As I discussed briefly in the introduction, elementary discussions of word embeddings talk about using the cosine of the angle between two word vectors as the most common measure of their similarity (I'll return in a later post to other measures), and that the cosine ranges from -1 to 1. While that is mathematically correct, the observed cosine similarities in a corpus do NOT seem to range from -1 to 1, but have a more restricted distribution. Furthermore, that distibution is shifted positively: i.e. vectors are somewhat more likely than average to be similar to each other. This shift is unexpected and I have not found any other mention of it.
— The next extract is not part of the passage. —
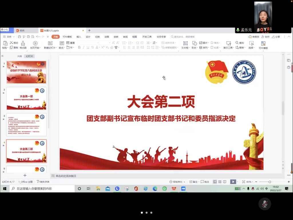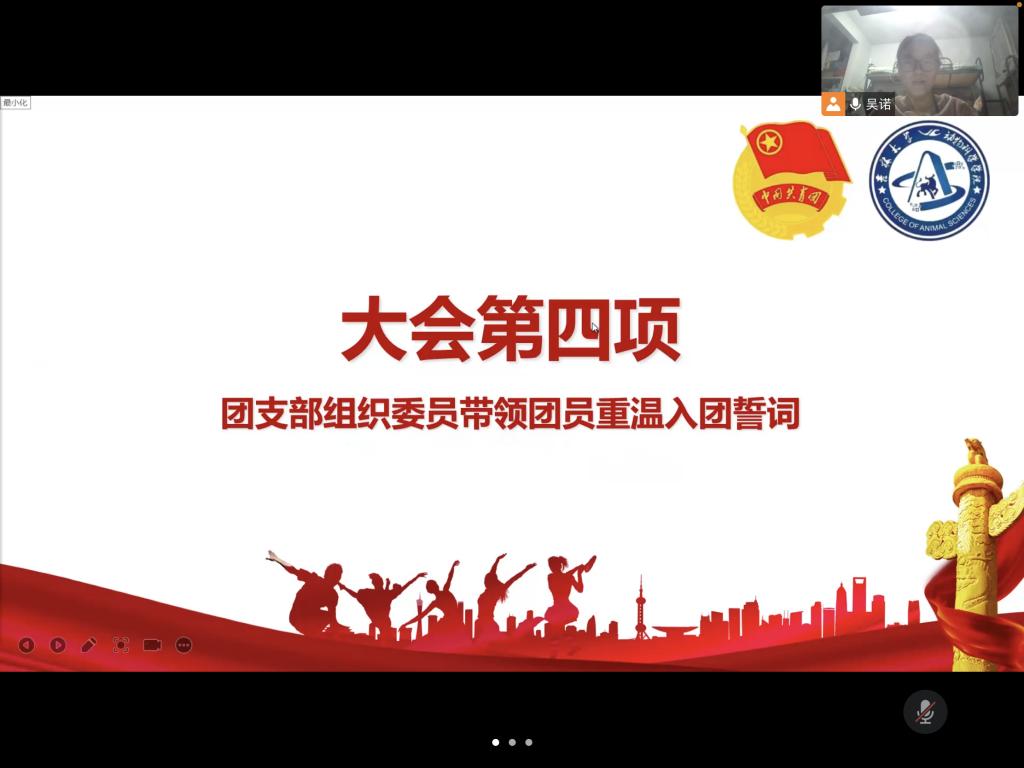 习近平总书记说:“共青团是党的助手和后备军,是党的青年工作的重要力量”。根据《关于疫情防控期间成立临时团支部的通知》,应校团委防疫时期加强组织凝聚力并充分发挥共青团组织在防疫控疫工作中的战斗堡垒作用及团员的先锋模范作用,强化团的基层建设的要求,我院面向疫情防控时期在临时工作岗位的共青团员建立临时团支部。2022年3月27日晚七时,我院成功召开MILE米乐官方网站第八临时团支部成立大会。由18级动物科学专业,19级动物科学专业以及20级三班在内的全体在校女生参加会议。会议由第八临时团支部书记吴诺主持。

In most of the examples in these posts, I'll be using two novels as my corpora: Vanity Fair by William Makepeace Thackeray, and The Heart of Darkness by Joseph Conrad. My motivation, laid out more fully in an earlier post is that I am interested in how authors use language. In the terms of [1], I take a corpus-centered approach. However, my perspective is slightly different from their characterization in that I am not interested in a book merely as a "sample" of the author's broader language, but rather I am in interested in the author's use of language in that specfic context. In a sense, this is the ultimate corpsus-centered approach. Of course, a comparison of contexts could also be interesting, such as across novels, or between fiction and non-fiction, or public versus private writing.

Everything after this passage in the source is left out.